Канифоля смычок – слегка, чтобы не испортить звук, – он процедил: некрасиво, что ты мне этого раньше не сказал.
– Почему?
– Ну, предположим, я твой друг.
– Поэтому я тебе сейчас все рассказал.
– Настоящий друг, идиот! Ты мог бы сказать: мне тут пришла в голову безумная мысль уехать на несколько недель в Тюбинген, – тебе не кажется, настоящий ты мой друг? Ты не мог так сказать?
– Ты посоветовал бы мне выбросить это из головы. А на эту тему мы уже разговаривали.
– Ну не дословно так.
– Ты хочешь, чтобы я всегда был под рукой.
Вместо ответа Бернат положил партитуры на стол и стал играть первую часть бетховенского концерта. Я, пренебрегая вступлением, присоединился к нему с оркестровой партией в переложении для фортепиано, стараясь имитировать даже тембр отдельных инструментов.

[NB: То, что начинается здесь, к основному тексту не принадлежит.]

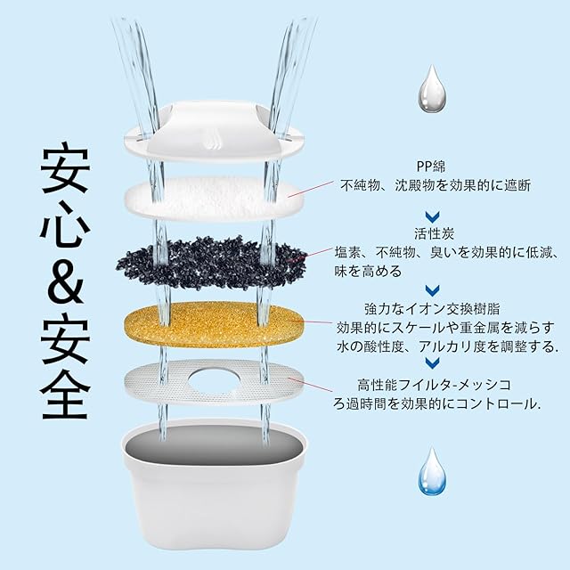 【安心 & 環境に優しい】 私たちの生活の中で、ろ過され、浄化された水を使用することは、直接飲むためであれ、料理のためであれ、私たちに安心感を与え、私たちの健康を守る最良の方法です。 また、ペットボトル入りの飲料水の購入を減らすことは、プラスチックごみの削減にもつながります。
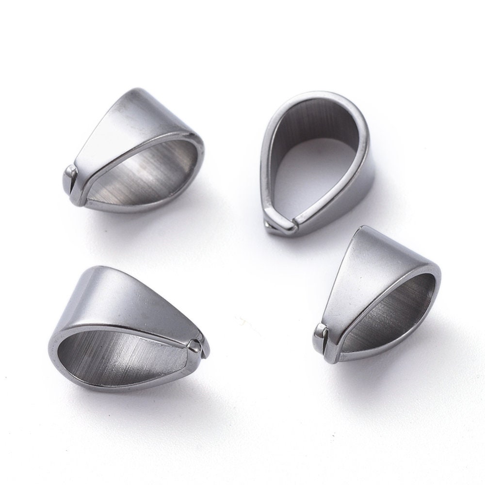 Choose from 5 or 10 Large Stainless Steel Snap Bails / Pinch Bails. Made from Stainless Steel and therefore highly tarnish and rust resistant. Steel/Platinum color. Use pinch bails for pendants, charms, beads, charms, and more!
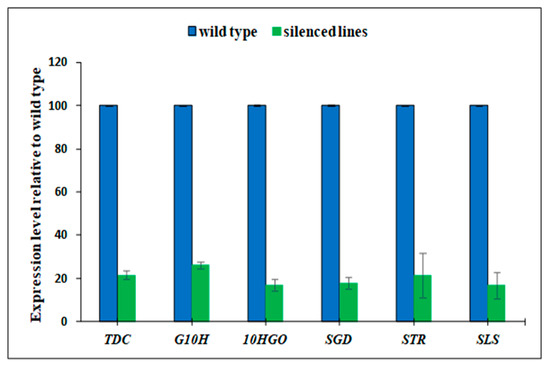 Real-time reverse transcriptase PCR of the mRNA translating tryptophan decarboxylase (TDC), geraniol 10-hydroxylase (G10H), 10-hydroxygeraniol (10HGO), strictosidine β-glucosidase (SDG), strictosidine synthase (STR) and secologanin synthase (SLS). Levels of the silenced lines are normalized to 100% in the wild type line. The gene expression level of the silenced lines relative to the wild type is represented here. Values are mean of three independent replicates. Vertical bars show the standard deviation.
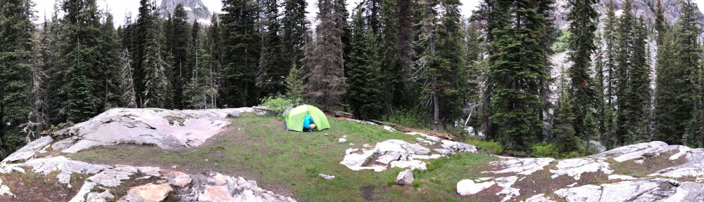 After that, it was another mile or so until we found the perfect camp site.  We were on a bit of a rock knoll — really a 3 sided cliff – with a small flat grassy spot on top.  We set up the tent and grabbed a quick lunch, just before we got hit by a huge hail storm!
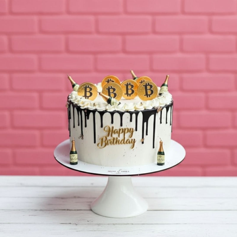 Celebrate your passion for cryptocurrency with this stunning Bitcoin-themed cake. Perfect for enthusiasts and special occasions alike, this cake combines eye-catching design with delicious flavour. Whether for a birthday, event, or just because, it’s a unique way to showcase your love for Bitcoin.
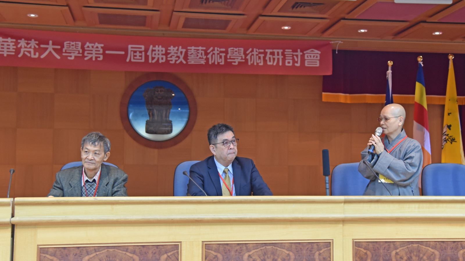 李天任校長也指出,華梵佛教藝術學系與研究所是全球第一個佛教藝術系所,今日的研討會論文涵蓋詩詞、書畫、造像、電影、歌詞、景觀境教等不同領域的佛教藝術,更有從日本、西藏、儒、道等角度深入探討者,是一個好的開始,希望明年能擴大廣邀各界人士參與,後年更發展成國際性的佛教藝術學術研討會,讓更多世人了解佛教藝術之美。
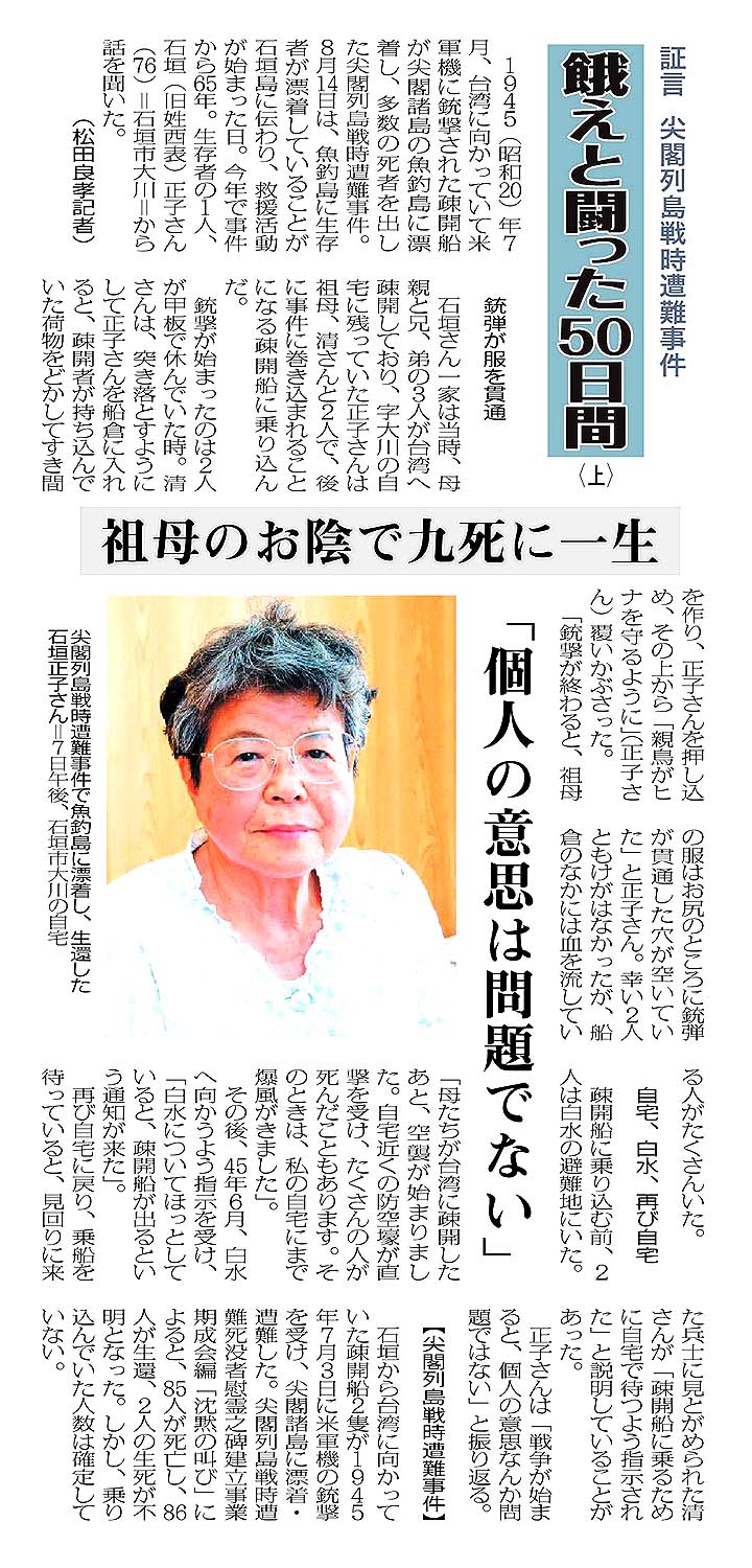証言 尖閣列島戦時遭難事件/鍛えと闘った50日間(上)/祖母のお陰で九死に一生/「個人の意思は問題でない」
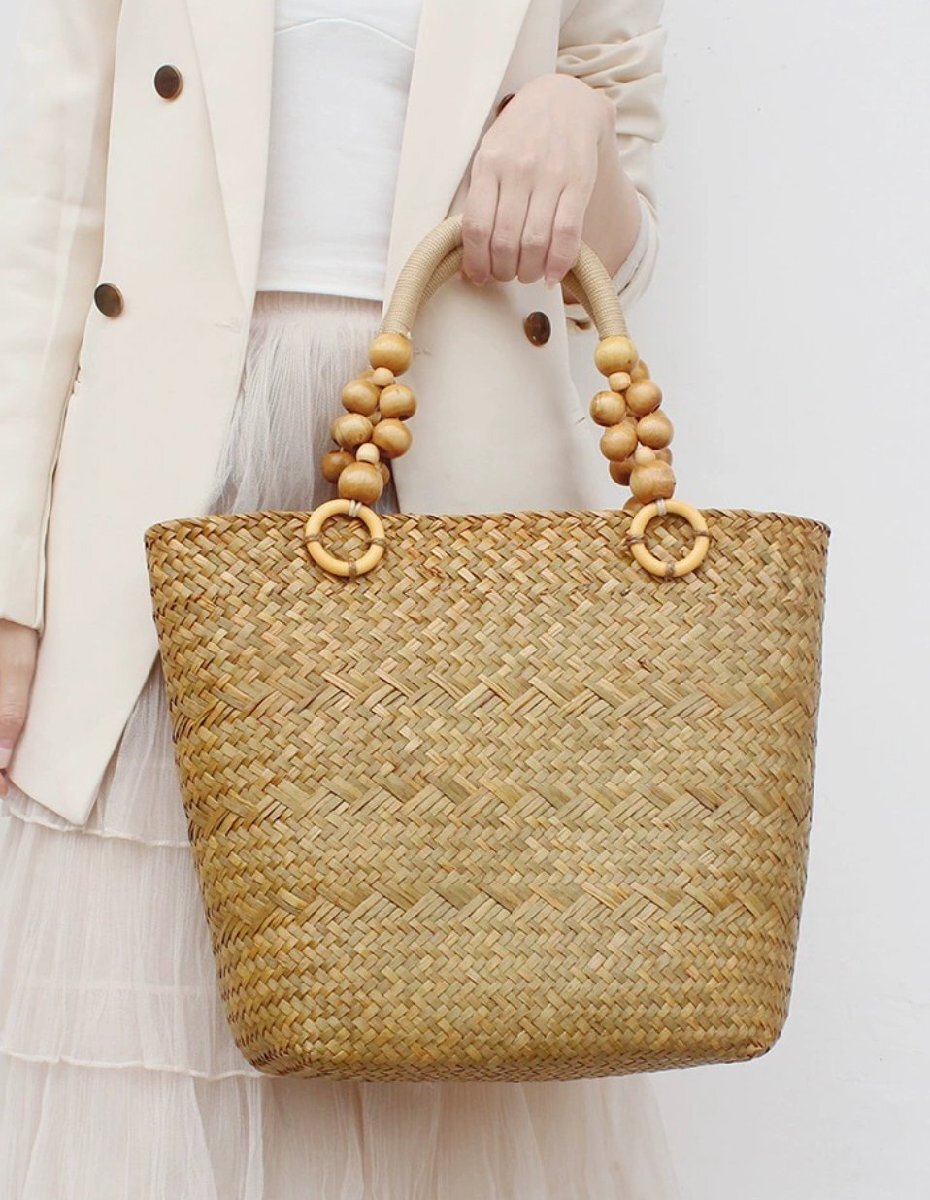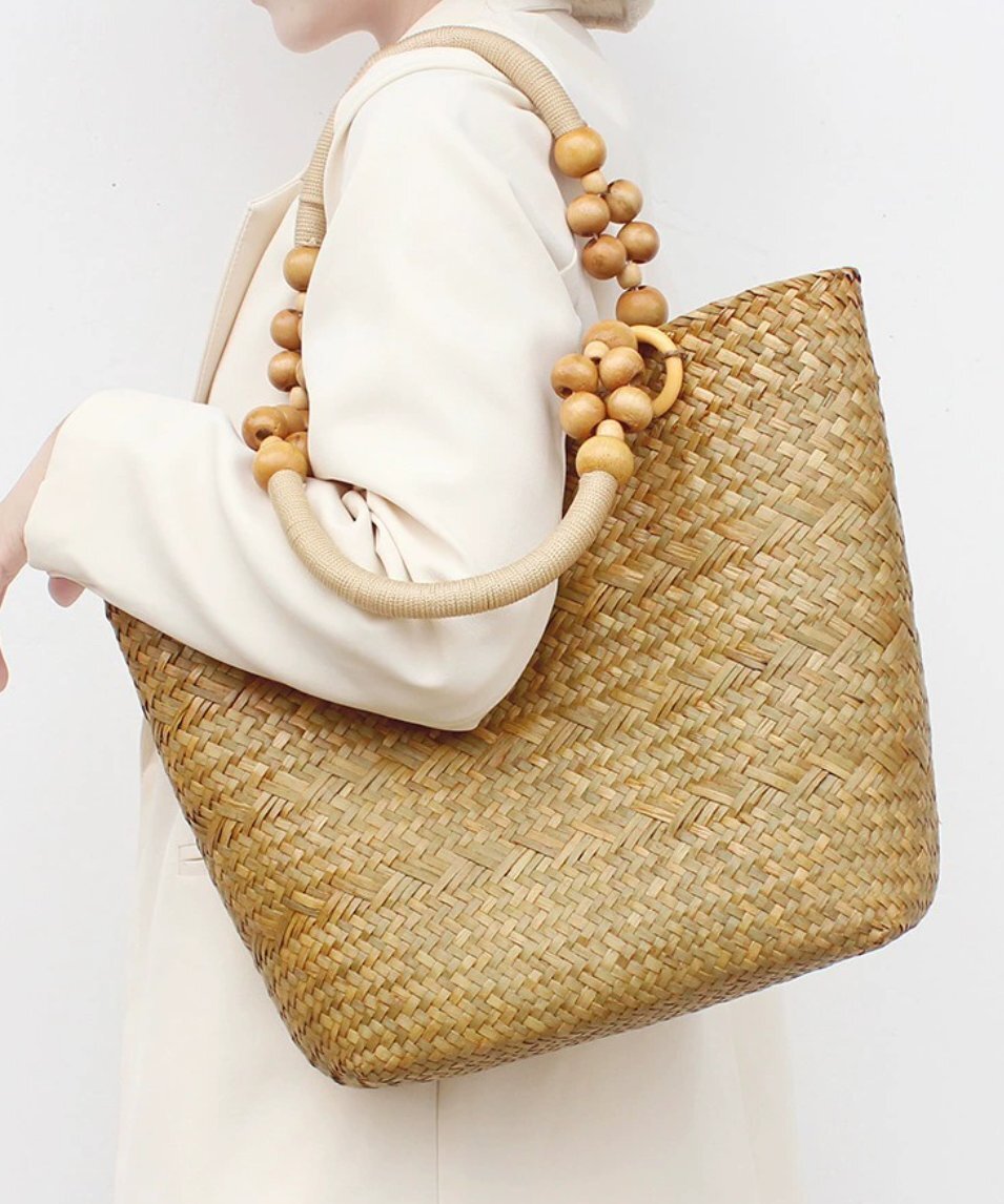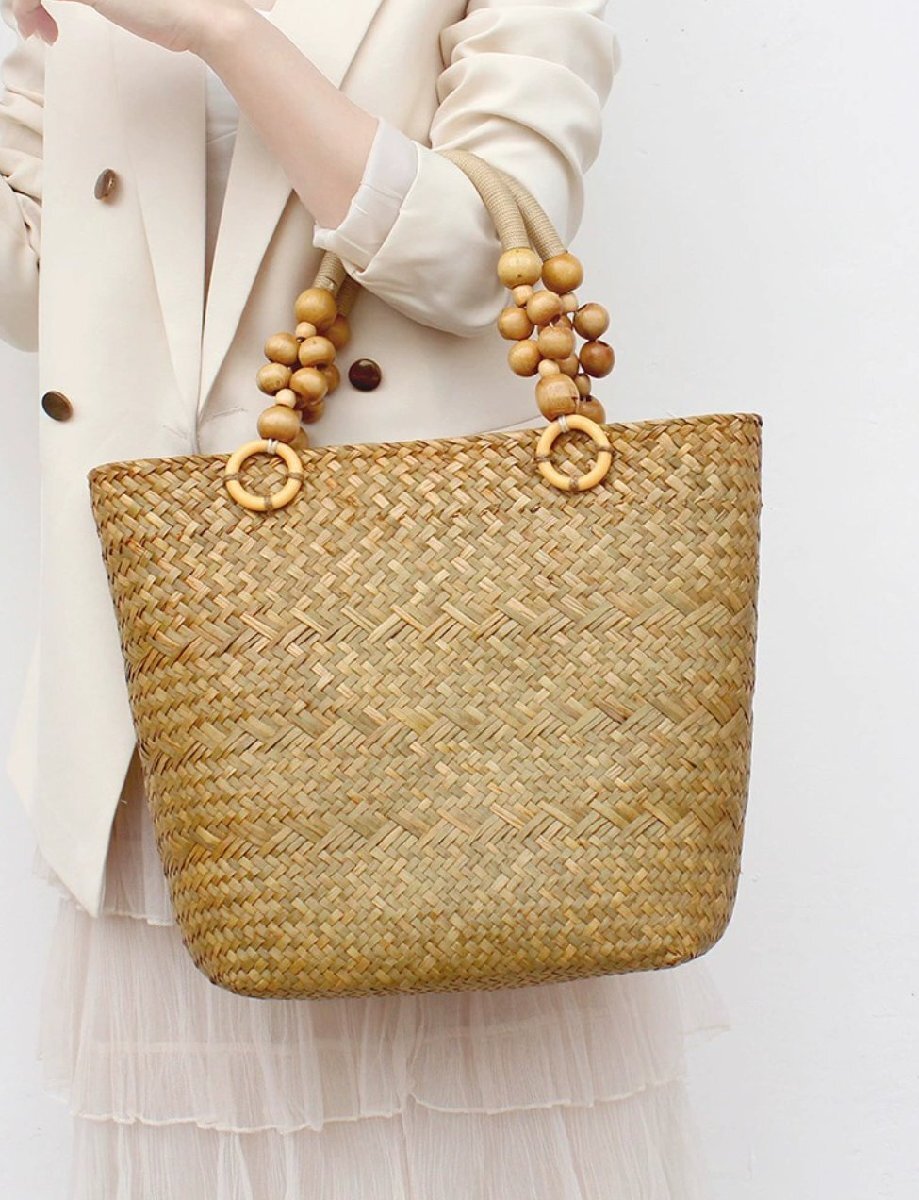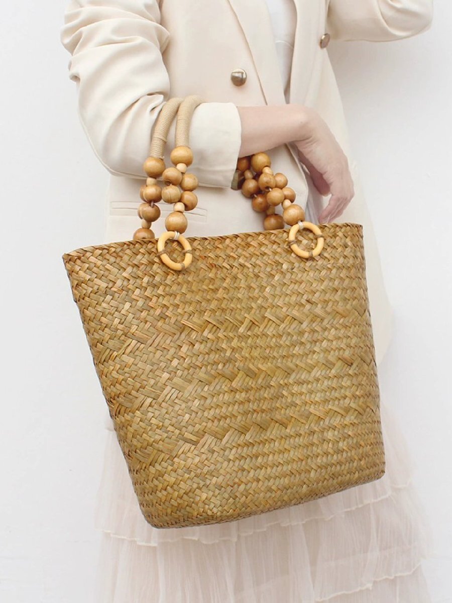 北欧海草編みバッグ大容量編みバッグ通勤用トートバッグバケーション用ショルダーハンドバッグ
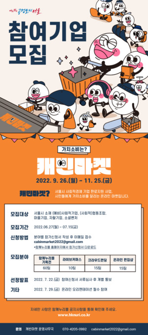 서울시는 오는 9월~11월 온라인 기획전 ‘가치소비는? 캐빈마켓’을 개최한다. 이와 관련해 오는 7월 15일(금)까지 ‘캐빈마켓’에 참여할 사회적경제기업 100팀을 모집한다고 밝혔다.‘캐빈마켓’은 서울시 대표 사회적경제쇼핑몰인 ‘함께누리몰(hknuri.co.kr)’내에서 열린다. 사회적경제 콘텐츠 플랫폼 ‘캐빈닷넷’의 인기 캐릭터 캐빈에서 이름을 따왔으며, 기획전 곳곳에 이 캐릭터를 사용해 쇼핑의 재미를 높일 예정이다.최근 MZ세대의 관심이 높은 가치소비 확산을 위해 서울시가 기획한 것으로, 상품의 할인판매 및 크라우드펀딩, 라이브
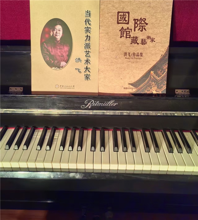 一上午的时间过得很快,临近中午,酒的芳香,弥漫整个厅堂!分别时,洪飞先生又热情的赠送作曲家汪幼清二本,由国委对外宣传办,印制的<国际馆藏艺术家>洪飞先生作品专集;由中国文化出版社出版的<当代实力派艺术大家>洪飞先生的艺术作品和简介!
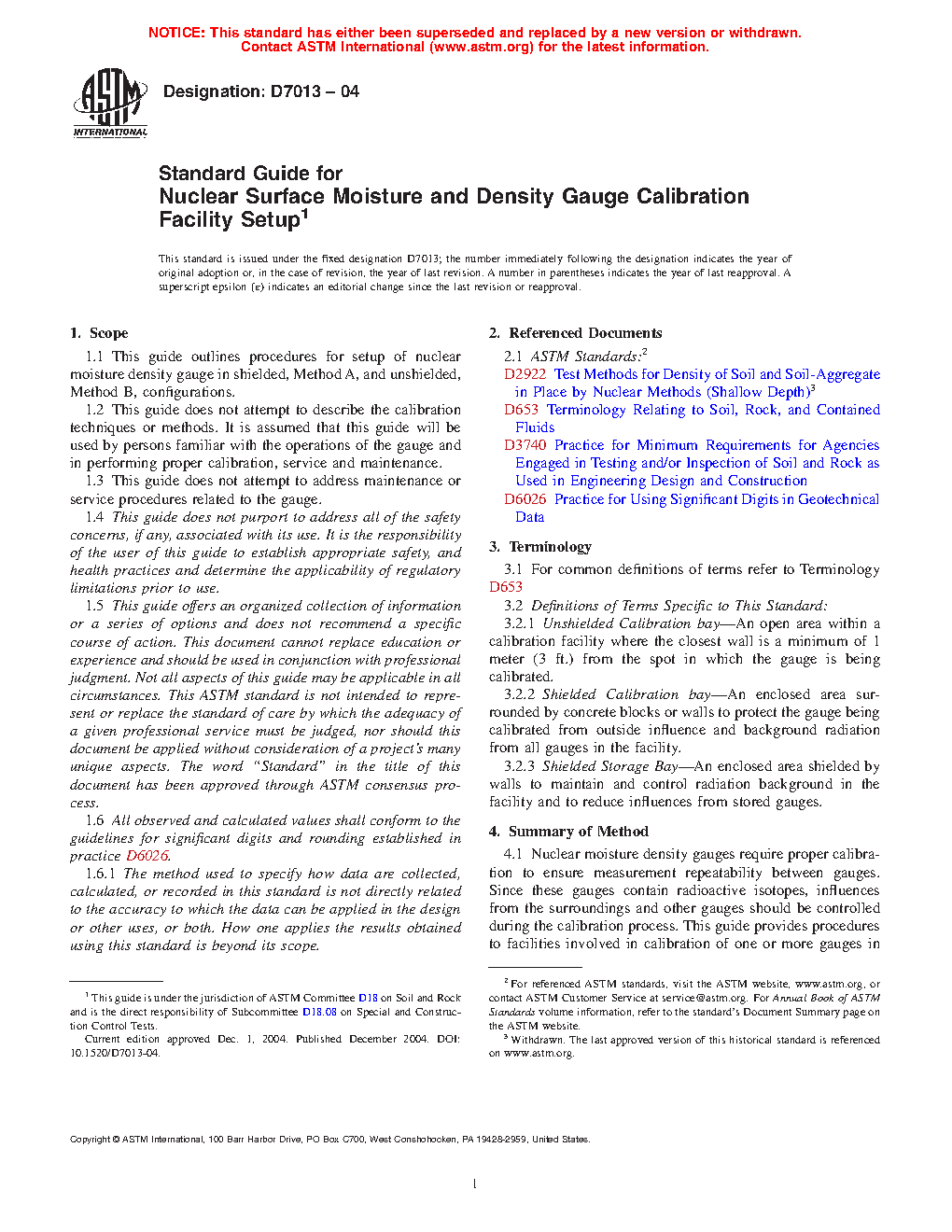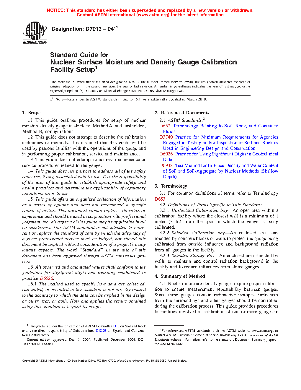 1.1 This guide outlines procedures for setup of nuclear moisture density gauge in shielded, Method A, and unshielded, Method B, configurations.

Закончив играть, я был изможден, но взволнован и счастлив, потому что Бернат сыграл безупречно, не просто совершенно. Как будто хотел показать мне, что ему не понравилось мое последнее замечание. Когда он закончил, мне не хотелось нарушать воцарившуюся в комнате тишину.
– Ну?
– Хорошо.
– И только?
– Очень хорошо. Совсем иначе.
– Иначе?
– Иначе. Если я правильно услышал, ты был внутри музыки.
Мы помолчали. Бернат сел и отер пот. Он посмотрел мне в глаза:
– На самом деле ты хочешь сбежать. Не знаю от кого, но сбежать. Надеюсь, не от меня.